СВЯЩЕННИК И ЕГО СУПРУГА. СОЮЗЫ ЛЮБВИ. ГАЗЕТА
Indulge Genio: carpamus dulcia: nostrum est
Quod vivis: cinis, et manes, et fabula fies.
Vive memor lethi: fugit hora: hoc quod loquor, inde est.
Persius
Гения ты ублажай своего {52}: лови наслажденья,
Жизнь наше благо; потом - ты пепел, призрак и сказка.
Помня о смерти, живи! Час бежит, и слова мои в прошлом.
Персий
- Agapetus и Agapetae {Αγαπητος καὶ ἀγαπηται. (Примеч. автора).}, -
сказал преподобный отец Опимиан наутро за завтраком. - И притом в лучшем
смысле слова - таковы, к счастью, отношения юного сего господина со
служанками.
Миссис Опимиан:
- Может быть, ты возьмешь на себя труд изложить мне свое мнение о них
более доступно?
Преподобный отец Опимиан:
- Разумеется, душенька. Слово означает "влюбленный" в чистейшем,
возвышенном смысле. В этом-то смысле и употребляет его святой апостол Павел,
говоря о единоверках своих и возделывающих общий с ним вертоград соратницах,
в чьих домах доводилось ему живать. В этом смысле прилагалось оно к девам и
святым мужам, обитавшим под одной кровлей в союзе любви духовной.
Миссис Опимиан:
- Что ж, всякое бывает. Ты - святой муж, отец Опимиан, однако, будь ты
холост, а я дева, вряд ли рискнула б я быть твоей ага... ага...
Преподобный отец Опимиан:
- Agapete. Но я никогда и не посягал на такую духовную высоту. Я
последовал совету святого апостола Павла, который говорит: "Лучше вступить в
брак..." {53}
Миссис Опимиан:
- Цитату можешь не оканчивать.
Преподобный отец Опимиан:
- Agapete часто переводится "приемная сестра". Такие отношения,
по-моему, вполне мыслимы при наличии обетов безбрачия и духовной высоты.
Миссис Опимиан:
- Очень возможно. И столь же мыслимы при отсутствии того и другого.
Преподобный отец Опимиан:
- И еще более мыслимы, когда приемных сестер семь, а не одна.
Миссис Опимиан:
- Возможно.
Преподобный отец Опимиан:
- Если бы ты видела, душенька, как обращаются эти девицы к хозяину, ты
бы тотчас поняла характер их отношений. Их почтительность неопровержимо
убеждает меня, что я не ошибся.
Миссис Опимиан:
- Будем надеяться.
Преподобный отец Опимиан:
- У меня попросту нет сомнений. Семь весталок непорочны, либо ничего не
стоят ни наблюденья мои, ни весь мой жизненный опыт. Называя их весталками,
я не вполне точен: в Риме избиралось только по шести весталок. Зато было
семь плеяд, покуда одна не исчезла.
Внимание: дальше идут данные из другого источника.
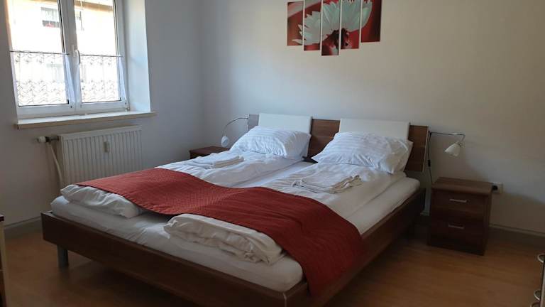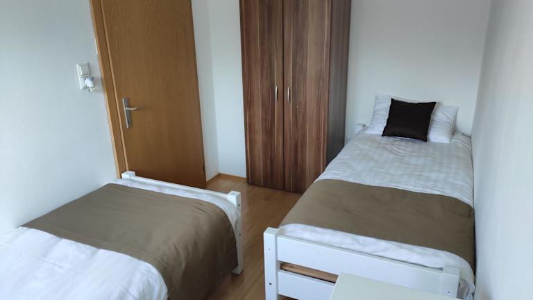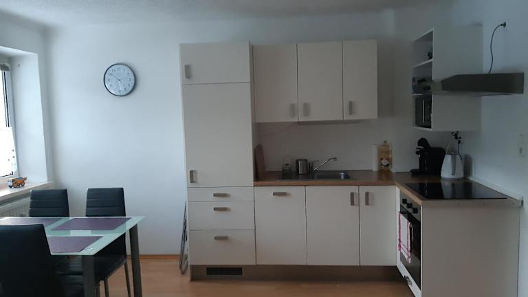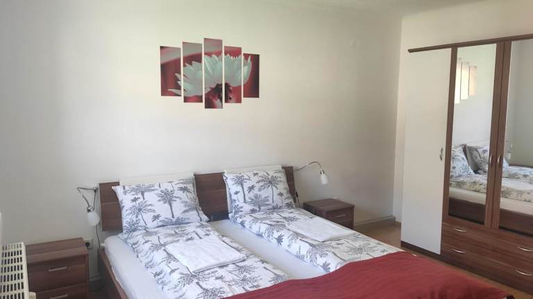 Die Ferienwohnung umfasst zwei Schlafzimmer, ein Wohnzimmer, eine vollständig ausgestattete Küche mit Kühlschrank und Kaffeemaschine sowie ein Badezimmer mit Dusche und Haartrockner. Handtücher und Bettwäsche werden bereitgestellt.

Можно допустить, что она стала седьмой
весталкой. Или, поскольку планет прежде было семь, а теперь насчитывается
более пятидесяти, можно и седьмую весталку приписать законам прогресса.
Миссис Опимиан:
- Смертных грехов прежде тоже было семь. Сколько же прибавил к их числу
прогресс?
Преподобный отец Опимиан:
- Надеюсь, ни одного, душенька. Хотя этим обязаны мы не собственным его
тенденциям, но емкости старых определений.
Миссис Опимиан:
- По-моему, я уже где-то слыхала это твое греческое слово.
Преподобный отец Опимиан:
- Есть такие агапемоне {54}, душенька. Ты, верно, про них думаешь.
Миссис Опимиан:
- Про них. И что бы такое могло это слово значить?
Преподобный отец Опимиан:
- Оно значит "приют любви". Любви духовной, разумеется.
Миссис Опимиан:
- Хороша духовная любовь - разъезжает цугом {55}, роскошествует и
укрывается высокой стеной от любопытных взоров.
Преподобный отец Опимиан:
- Все так, душенька, но вреда ведь от этого никому никакого нет.
Миссис Опимиан:
- Ты, отец Опимиан, ни в чем вреда видеть не хочешь.
Преподобный отец Опимиан:
- Боюсь, я во многом вижу больше вреда, нежели мне бы того хотелось. Но
агапемоне кажутся мне безвредными оттого, что я о них почти не слышу. Свет
из-за всего готов поднять шум; а на то, что в порядке вещей, никто и
внимания не обращает.
Миссис Опимиан:
- Неужто, по-твоему, эти агапемоне - в порядке вещей?
Преподобный отец Опимиан:
- Я говорю только, что не знаю, соответствуют ли они порядку вещей или
нет. А вот нового в них нет ничего. Еще три столетия назад было такое
семейство "Союз любви", и Мидлтон о нем сочинил комедию. Королева Елизавета
семейство преследовала; Мидлтон его высмеял; оно, однако, пережило обоих, и
в том не вижу я никакого вреда {56}.
Миссис Опимиан:
- Неужто же свет так зол, что замечает новизну только в беспорядке?
Преподобный отец Опимиан:
- Быть может, это происходит оттого, что порядок вещей нарушается лишь
изредка. Из множества людей, утром идущих по улице, лишь одного ограбят или
собьют с ног. Если бы вдруг сообщение Гамлета "в мире завелась совесть" {57}
оказалось верно, тотчас перестали бы выходить газеты. Ведь в газетах что мы
читаем? Во-первых, отчеты обо всех смертных грехах, о несчетных видах
насилия и обмана; затем безудержную болтовню, вежливо именуемую
законодательной мудростью, которой итог - "непереваренные массы закона,
вытряхнутые, как из мусорной тележки, на головы подданных" {Джереми Бентам.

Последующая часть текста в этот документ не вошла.